Augustinus von Hippo
Catena Aurea · Matthäusevangelium 5
43 Ihr habt gehört, dass gesagt worden ist: Du sollst deinen Nächsten lieben und deinen Feind hassen. 44 Ich aber sage euch: Liebt euere Feinde und betet für die, die euch verfolgen, 45 damit ihr Söhne eueres Vaters im Himmel werdet; denn er lässt seine Sonne aufgehen über Böse und Gute und er lässt regnen über Gerechte und Ungerechte. 46 Wenn ihr nämlich nur die liebt, die euch lieben, welchen Lohn habt ihr dafür? Machen nicht auch die Zöllner dasselbe? 47 Und wenn ihr nur euere Brüder grüßt, was tut ihr da Besonderes?
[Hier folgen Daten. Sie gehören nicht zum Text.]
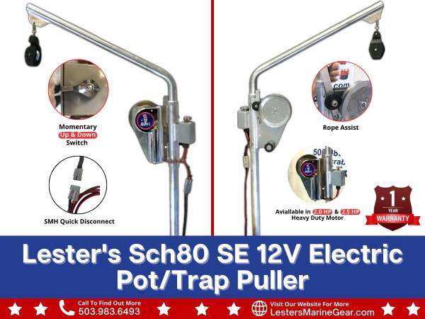 ➤ Lester's 3-piece RA 12V Electric Pot Puller package features a heavy-duty 1.5” Schedule 80 aluminum davit and a water-resistant 12V DC motor available in 2.0 HP or 2.5 HP. A Rope Assist device is installed to eliminate rope slippage.

Tun das nicht auch die Heiden? 48 Seid also vollkommen, wie euer himmlischer Vater vollkommen ist.
(Serm. in Mont. i. 21.) Dass es Abstufungen in der Gerechtigkeit der Pharisäer gab, die unter dem alten Gesetz stand, zeigt sich darin, dass viele sogar die hassten, von denen sie geliebt wurden. Wer also seinen Nächsten liebt, ist eine Stufe aufgestiegen, obwohl er noch seinen Feind hasst; was in dem ausgedrückt wird: und sollst deinen Feind hassen; was nicht als Gebot für die Gerechten zu verstehen ist, sondern als Zugeständnis an die Schwachen.